Powerhouse Design and Foundation Civil Work: The design of the powerhouse and the civil work for the foundation are critical aspects of DG set installation. Proper design and construction ensure the stability and durability of the generator’s installation.

Connected Load on Self-Components: The DG set’s performance is influenced by the connected load, which includes various electrical devices such as heaters, motor drives, lighting systems, and more. Knowing how much electrical power it needs to provide is important to ensure a DG set works well.

In short, for a DG set to work properly, all its parts must work together smoothly.

Estimating DG Set Rating: Formulas

When estimating the rating of a DG set, several formulas can be applied:

  1. DG Set Rating in KW:
    • Formula: DG Set Rating in KW = Maximum Demand / % Loading
  2. Maximum Demand in KW:
    • Formula: Maximum Demand In KW = Connected Load / Diversity Factor
  3. Rating in KVA:
    • Formula: Rating in KVA = DG Set Rating in KW / Power Factor
  4. Diversity Factor:
    • Formula: Diversity Factor = Installed Load / Running Load

These formulas are valuable tools for calculating and determining the appropriate rating for a DG set, considering factors like maximum demand, diversity, and power factor. Proper estimation ensures that the DG set can effectively meet the power requirements of the connected load.

Types of Cooling in DG sets

There are two primary types of cooling systems used in DG sets:

  1. Air Cooling: This method uses air circulation to dissipate heat and maintain proper engine temperatures.
  2. Water Cooling: Water-cooled DG sets are considered superior to air-cooled ones. In hot summer conditions, air cooling may struggle to keep the engine’s cooling water temperatures within acceptable limits, while water cooling is more effective in such scenarios.

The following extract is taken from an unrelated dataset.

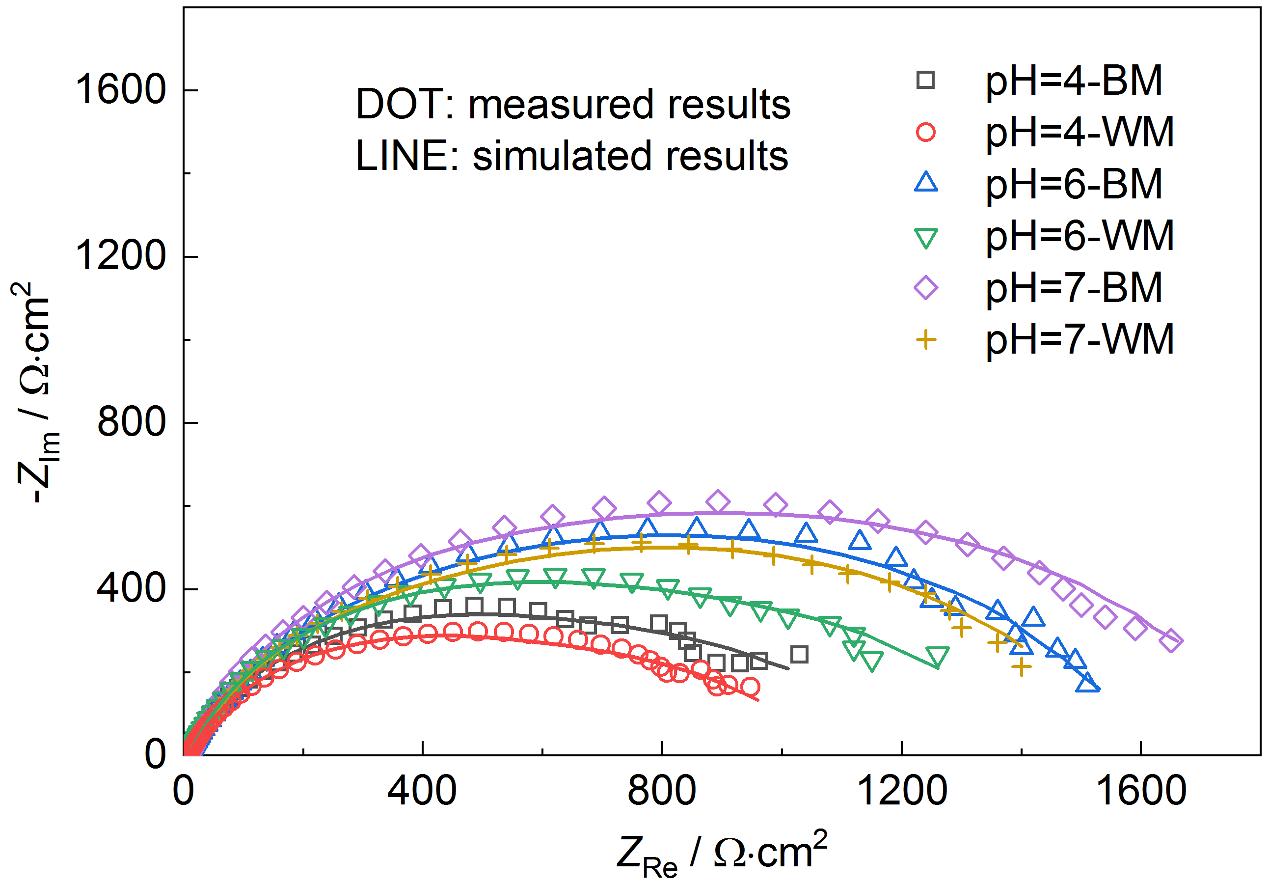 | Fig.6 Nyquist plot of BM and WM in different pH values |
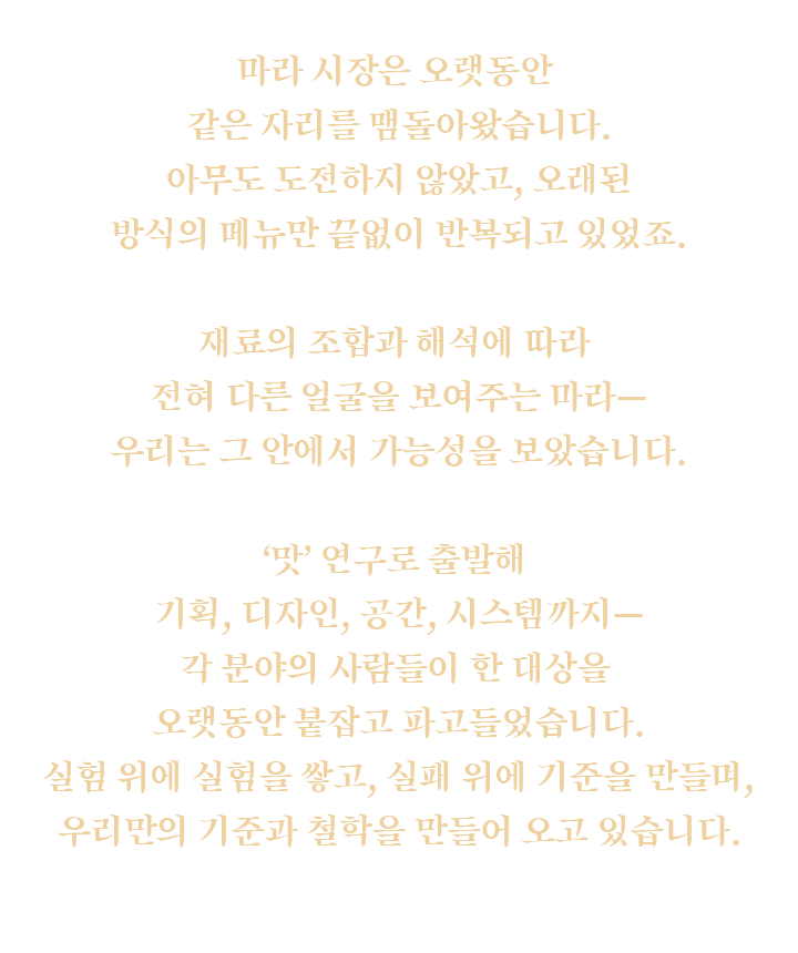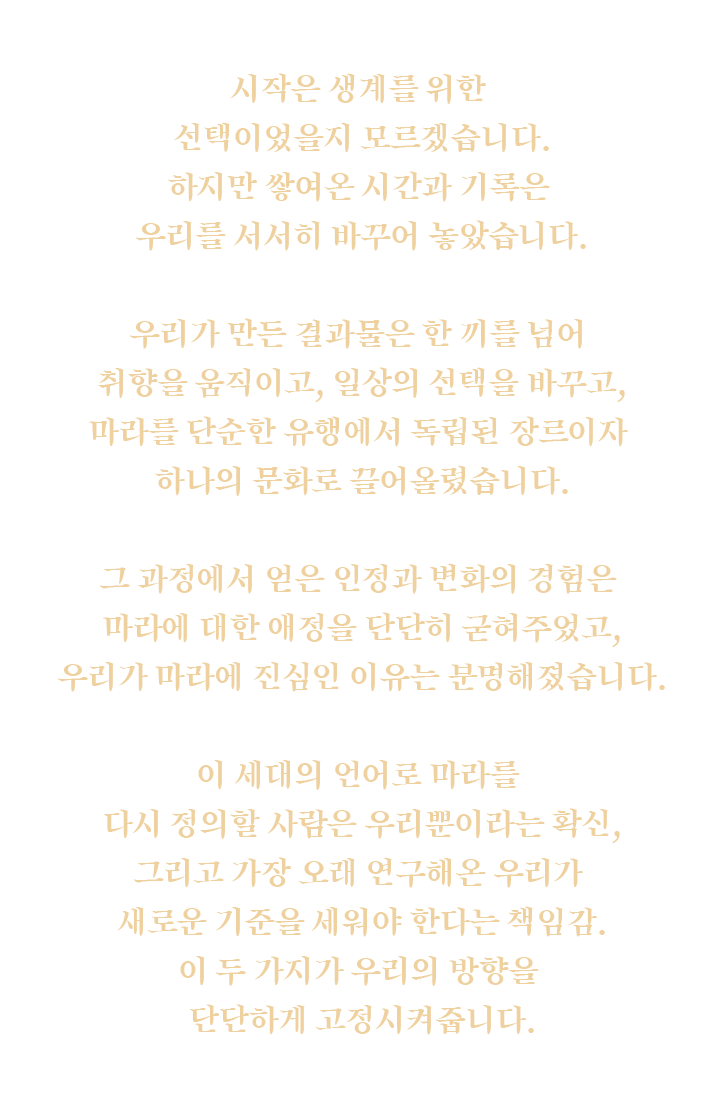 이 세대의 언어로 마라를 다시 정의할 사람은 우리뿐이라는 확신, 그리고 가장 오래 연구해온 우리가 새로운 기준을 세워야 한다는 책임감. 이 두 가지가 우리의 방향을 단단하게 고정시켜줍니다.

Why Small DG Sets Shouldn’t Be Paralleled with the Grid Supply

Small DG sets should not be paralleled with the grid supply for several reasons. When connected to the grid, a small DG set faces risks related to safety and protection mechanisms.

  1. Reverse Power Relay: Grids operate as infinite buses with a constant power supply. Small DG sets may not provide sufficient power output to match the grid’s supply. Paralleling them could lead to reverse power flow, triggering reverse power relays. These relays are designed to prevent power from flowing back into the DG set, safeguarding its operation.
  2. Voltage and Frequency Relay: Grids maintain stable voltage and frequency levels. Small DG sets, especially if not synchronized precisely, may struggle to match these levels. Paralleling can result in voltage and frequency deviations, which can be detrimental to the DG set’s performance and reliability.

In summary, small DG sets are not ideal for paralleling with the grid supply due to the risk of encountering reverse power relay issues and potential voltage and frequency discrepancies. Proper synchronization and sizing considerations are crucial when integrating DG sets with the grid to ensure safe and efficient operation.

Unbalanced loads and its effect on DG set operation

A balanced load must always be maintained for DG set operation to run well. Unbalanced loads can cause a number of anomalies and problems that impact the linked electrical system and the generator.
Here’s a look at the consequences of unbalanced loads:

Increased Losses: Unbalanced loads cause uneven power distribution among the phases. As a result, losses within the DG set and the electrical system increase. These losses could be resistive losses, which increase heat production and decrease efficiency.
Excessive Heating: The uneven distribution of power due to unbalanced loads can lead to excessive system heating.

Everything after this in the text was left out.